Last week, the Reporting and Analysis Centre for Information Assurance MELANI reported on the current spread of encryption Trojans, so-called «ransomware». How can private individuals protect themselves?
Ransomware is a certain family of malware. This usually spreads via malicious e-mail attachments or infected websites. Once installed, «ransomware» will encrypt files on its victims’ computers and on any connected network drives and storage media (for instance USB sticks). Victims are then unable to use these encrypted files again. Once files on a computer have been encrypted by this «ransomware», victims are shown a «blocking screen». This asks victims to pay a certain sum of money in the shape of an Internet currency (for instance Bitcoin) to the attacker, for them to release encrypted files so they can be used again (ransom). Due to the use of an Internet currency, it becomes more difficult to trace authorship of the attack. However, complying with the attackers’ demands and making a payment to them does not guarantee that victims will regain access to their encrypted files. In addition, such payments will finance the attackers’ business model and allow them to continue their “ransomware” attacks and infect and harm further victims.
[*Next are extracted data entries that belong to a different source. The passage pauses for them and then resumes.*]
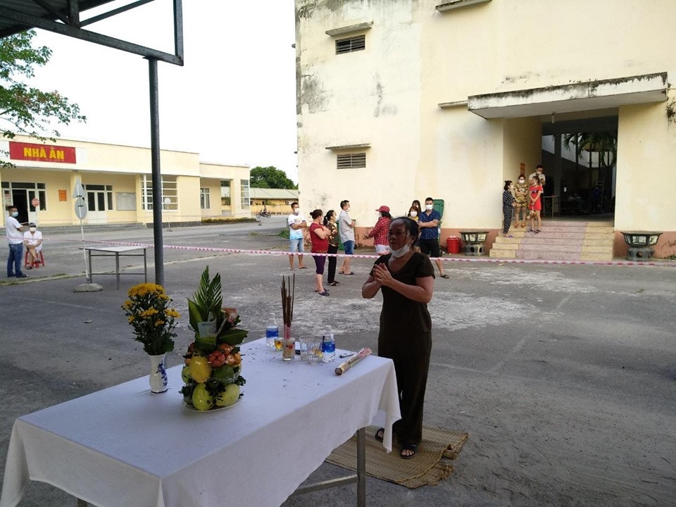 Những người dân trong khu cách ly cũng tới thắp hương, chia sẻ với mất mát của ông. Không về được, ông Sỹ nguyện vọng có nén nhang cây đèn để thắp hương cho cha. Ngay hôm đó, trung tâm đã chuẩn bị cho chú một bàn thờ vọng đầy đủ để chú tưởng nhớ về người cha đã ra đi.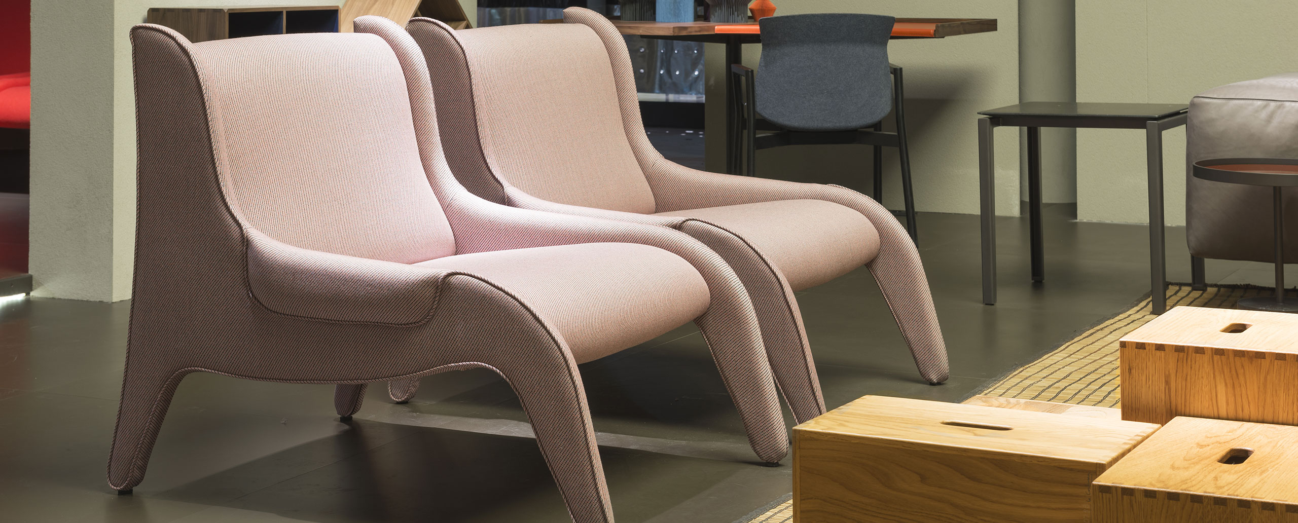 配备舒适宽座位的扶手椅。内部使用弹性绷带和钢框架。使用无CFC聚氨酯海绵和喷胶棉填充。侧板也能充当扶手。使用不可拆卸的布艺面料或皮革软包。椅脚采用黑色塑料材料制成。也有红色布艺面料软包的经典版扶手椅。桑顿·怀尔德(Thornton Wilder)的《九死一生》是在20世纪40年代末首次在米兰皮科罗剧院(Piccolo Teatro)演出的首批喜剧之一,赞努索被委任为此设计舞台布景和家具。包含使用其已经试验过的新材料并命名为Antropus的扶手椅。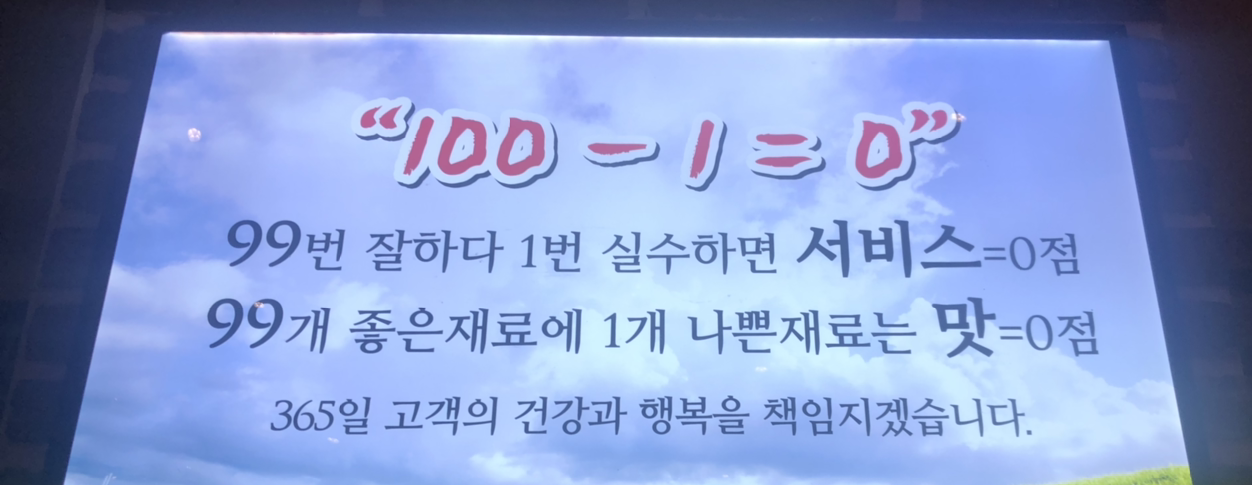음식을 내오는 종업원에게 물어보니 사장님의 방침이란다. “한 가지를 잘못하면 100가지를 잘해도 소용없습니다”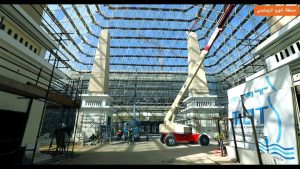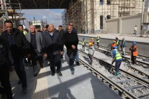 وتفقد الوزير الاعمال الجارية للإنتهاء من أعمال تشطيب وتأثيث المكاتب الإدارية وأماكن خدمة العملاء والاستعلامات كما تفقد مخطط حركة سير الركاب بالمحطة والارصفة ومقاعد انتظار الركاب وكذلك أعمال تركيب القضبان بعدها توجه الوزير لمتابعة أعمال الانتهاء من انشاء الورش المختلفة بالمحطة مثل ورشة صيانة عربات القطارات والتي تشمل 12 سكة وورشة صيانة الجرارات والتي تشمل ٦ سكك لأعمال صيانة وتجهيز الجرارات وجاري تنفيذ عدد ٢ نفق سيارات ونفق للمشاة للدخول والخروج من محور الفريق كمال عامر ولربط جراج المحطة بالمحور وعدد ٢ نفق سيارات بإتجاه شارع السودان ونفق للمشاة لربط الشارع بجراج المحطة كما تابع الوزير مخطط سير حركة الركاب سواء من المدخل الرئيسي او من الانفاق للوصول الى صالات التذاكر وتوافر السلالم الكهربائية والمصاعد لتسهيل تنقل الركاب.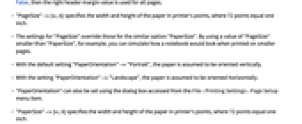 - "PageSize"の設定は,同様のオプション"PaperSize"(用紙サイズ)の設定に優先する."PagerSize" よりも小さい "PapeSize"の値を使うことで,例えば,ノートブックが小さい用紙で印刷されたとき,どのように印刷されるかということが確認できる.

Some simple, but effective protective measures
You can take the following four measures to protect yourself as a private individual:
- Regularly create a back-up copy of your data. You should store your back-up copy off-line, i.e. on an external medium, such as an external hard drive. You should also make sure to disconnect the medium used to hold your back-up copy from your computer once the back-up finishes. Otherwise, it is possible for data on the back-up medium to become encrypted and unusable in case of a «ransomware» infection, too.
- Always keep all software and plug-ins installed up-to-date. Ensure that all installed software, apps as well as web browser plug-ins (for instance Flashplayer, etc.) are always up to date. Whenever possible, use the automatic update feature of your software.
- Always be wary of suspicious e-mails, such that you receive unexpectedly or those originating from an unknown sender. Don’t follow any instructions in the text, don’t open any attachments and don’t follow any links.
- Install antivirus software and keep it continuously updated with the help of automatic updates. Otherwise there is a risk that newly developed malware is not recognized.